Her face lit up. “No. How?”

_____________________________________________________

    Jessica waited until the man beside her fell asleep. What had he said his name was? Jason? Jeremy? It didn’t matter. It probably wasn’t real. Jaymie wasn’t her name, after all.

    Once he started snoring, she slipped out of bed and gathered her clothes. She glanced around the room and smiled. He was so full of shit—from calling this deluxe room a penthouse to fabricating the history of martinis. He truly seemed to believe she’d never had one before. They were in Milwaukee, not some isolated farming commune.  

    She had certainly preferred other cities, but this year’s International Research Psychology Conference was held here. At least it wasn’t snowing.

    She’d attended just enough sessions to be seen, to shake hands, to ensure her colleagues knew she’d shown up—without getting trapped in Dr. Molorov’s presentation on adolescent vaping typologies or the panel on alcohol and intimate partner violence. The abstracts alone were exhausting. Years of funding, decades of expertise, all circling truths anyone with eyes already knew.

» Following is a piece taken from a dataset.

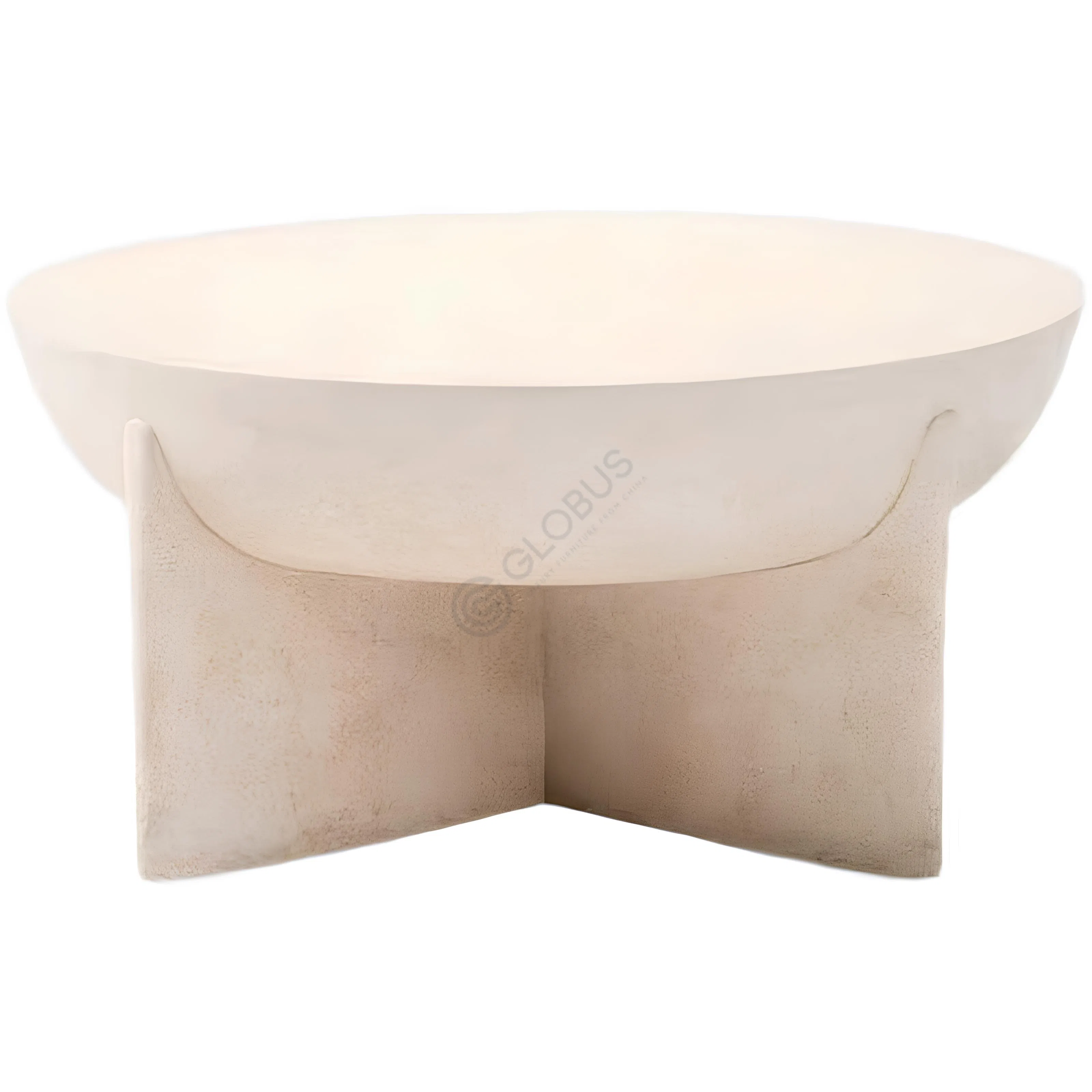 Материал, травертин, выбран не случайно; его пористая поверхность и уникальные прожилки рассказывают историю своего происхождения, делая каждое изделие поистине единственным в своем роде. Плавный переход от круглой столешницы к изогнутому основанию, состоящему из трех опор, создает интересную игру объемов и теней. Эта скульптурная структура одновременно крепкая и визуально легкая, что позволяет ей органично вписаться как в просторные, так и в более камерные уголки гостиной.

    Conferences looked good on her CV, but they had little to do with the bulk of her work: teaching six sections of Psych 101. Freshmen who didn’t want to be there and business majors who thought one psychology class would turn them into master manipulators. No, Jeremy—it just meant you might vaguely remember that someone once trained pigeons to play ping pong. Oh. That was his name. Jeremy.

    As the elevator descended, she felt a flicker of satisfaction. The sex hadn’t been good, but that wasn’t the point. What she enjoyed was the ease of it—how readily he accepted the version of her he wanted. The act always revealed the same thing: how many men assumed women were sheltered, waiting to be instructed. With a little more time, she probably could have convinced him she couldn’t drive, boil an egg, or open a PDF. He wanted to believe her lies.

    Back in her own room, she showered and dressed. She took the wedding ring from her purse and slid it back onto her finger. She should text her husband.

Long day at the conference, babe. Lots of networking. Think I found a potential collaborator for my next project. Love you. Headed to bed.

He replied immediately: a thumbs-up, a heart.

    She lay down, already dreading the flight home, but ready to be back home in Miami. Before sleeping, she answered a few emails—most earned a copied response directing students to the syllabus. In the morning, she would present her own research, which, if she were honest, mattered no more than most of what surrounded it. Years of studies, grants, students cycled through the lab, all to move understanding forward by the smallest degree.

She turned off the light.
Tomorrow, she would stand, unsure, at a podium, but speak with authority.
Tonight, she had played dumb—and it had worked exactly as expected.